O histórico de denúncias fez com que o Ministério Público do Trabalho da região de Campinas decidisse investigar até mesmo uma empresa coreana que acabou de chegar ao Brasil, a montadora Hyundai. Nem bem começou a produzir seu novo compacto no país, a empresa tornou-se alvo de investigação. Segundo EXAME apurou, desde janeiro os promotores receberam denúncias de cerca de dez pessoas reclamando de berros de superiores na fábrica em Piracicaba, no interior de São Paulo, chamando-as de ignorantes e incapazes de realizar tarefas básicas. Além disso, elas se dizem obrigadas a desempenhar mais de uma tarefa na linha, o que é proibido. Procurada, a Hyundai confirma ter sido notificada pelo Ministério Público, diz que está colaborando com a investigação e que aguarda uma definição do caso para se pronunciar.
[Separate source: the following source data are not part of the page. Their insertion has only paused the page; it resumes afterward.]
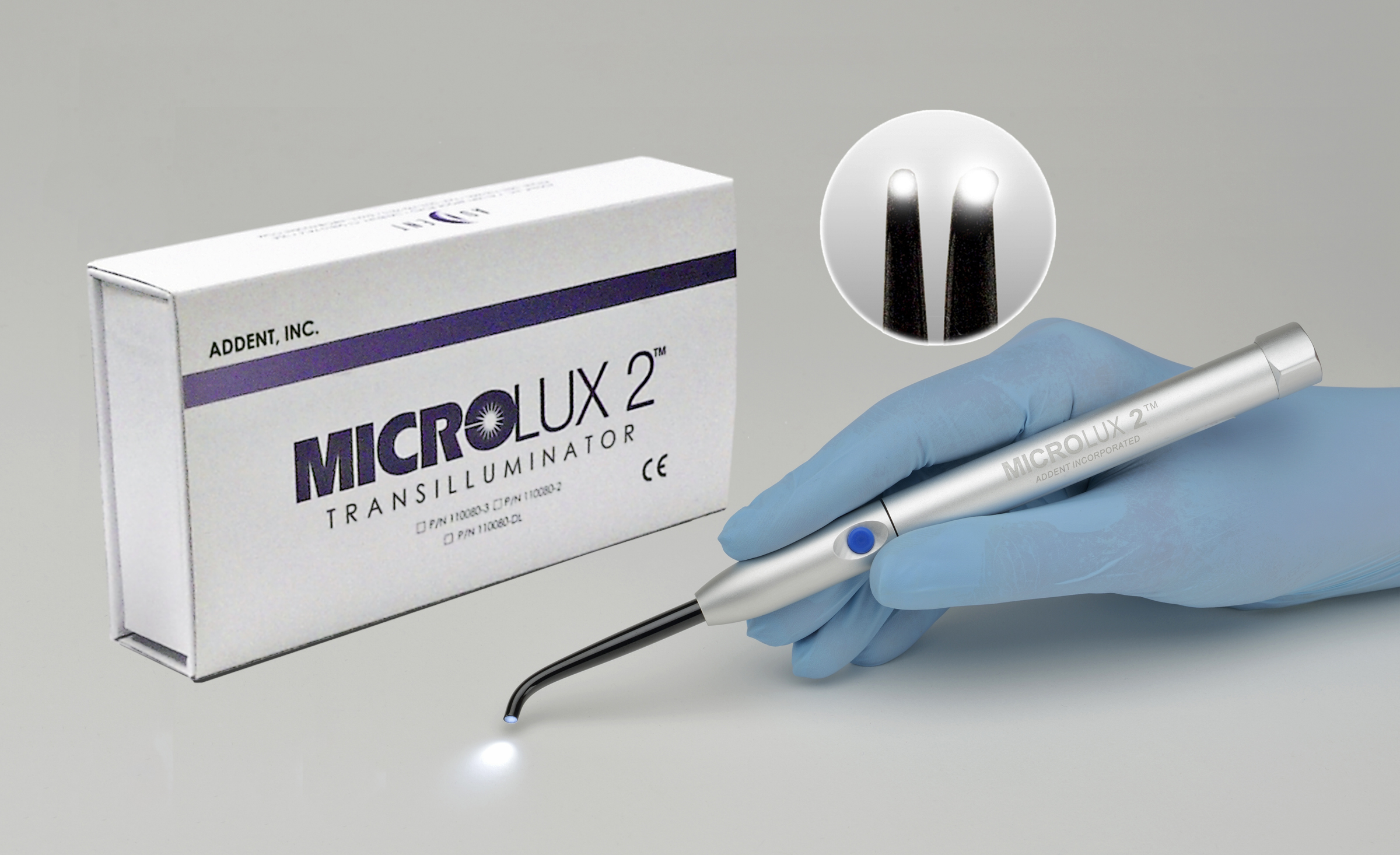 Lysleder håndholdt med 3 mm lysleder. Med batterier til lokalisering af kronefrakturer, rodkanalåbninger, karies etc. Foto viser 2 og 3 mm lysleder. Til dette varenummer følger kun 3 mm lysleder.
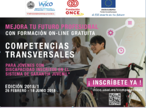 Curso online Competencias Transversales para la mejora de la empleabilidad de jóvenes con discapacidad, organizado, impartido y certificado por el Instituto Universitario de Integración en la Comunidad de la Universidad de Salamanca, y financiado por la Fundación ONCE para la Cooperación e Inclusión Social de Personas con Discapacidad y el Fondo Social Europeo y dirigido a jóvenes con discapacidad inscritos en el Sistema Nacional de Garantía Juvenil.
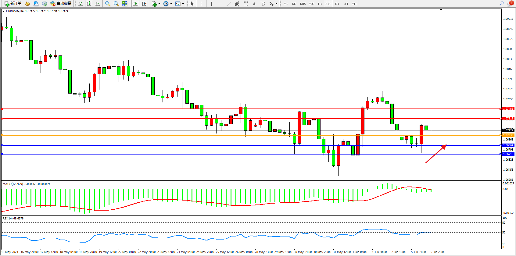 支撑位:1.06864 1.06715
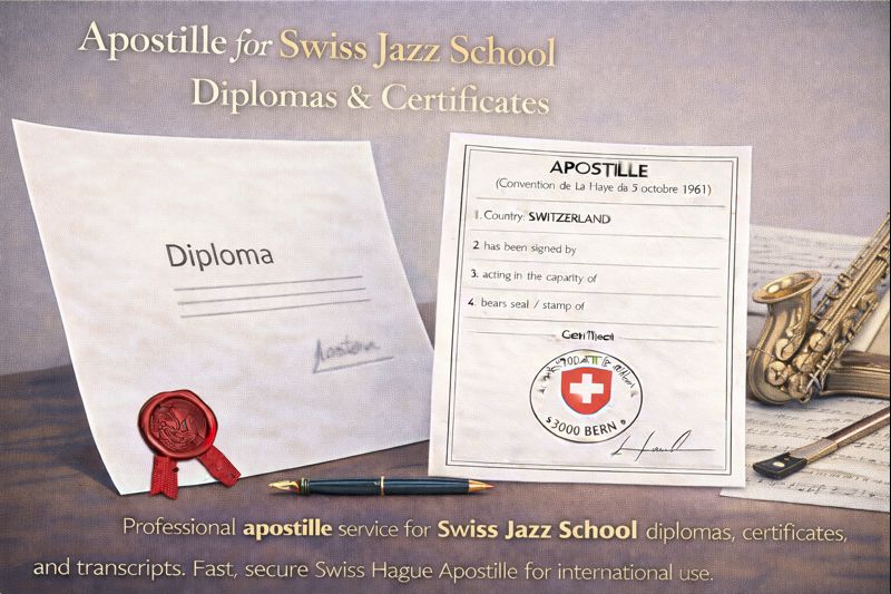 Professional apostille service for Swiss Jazz School diplomas, certificates, and transcripts. Fast, secure Swiss Hague Apostille for international use.

 Se o que acontece no interior de São Paulo hoje é um caso de choque cultural, o debate tende a se acentuar daqui em diante. O investimento direto anual de Japão, China e Coreia do Sul no Brasil aumentou 5 400% de 2006 para cá. Somou 11 bilhões de dólares no ano passado e já representa 16% do total de dinheiro estrangeiro injetado no país (veja quadro). Nesse período, 110 companhias orientais se instalaram por aqui, como é o caso de Hyundai e Foxconn. Até o início do ano que vem, outras 60 devem inaugurar um escritório ou uma fábrica no país - só a Foxconn, famosa por produzir iPhones e iPads para a Apple, pretende abrir outras cinco linhas de produção no Brasil. Além de crescerem em número. as subsidiárias brasileiras dessas companhias vêm ganhando importância no faturamento global. No ano passado, o Brasil se tornou o segundo maior mercado da LG no mundo (atrás dos Estados Unidos e à frente da própria Coreia). No caso da Samsung, o Brasil ocupa a quinta posição entre os 68 países em que a empresa está presente.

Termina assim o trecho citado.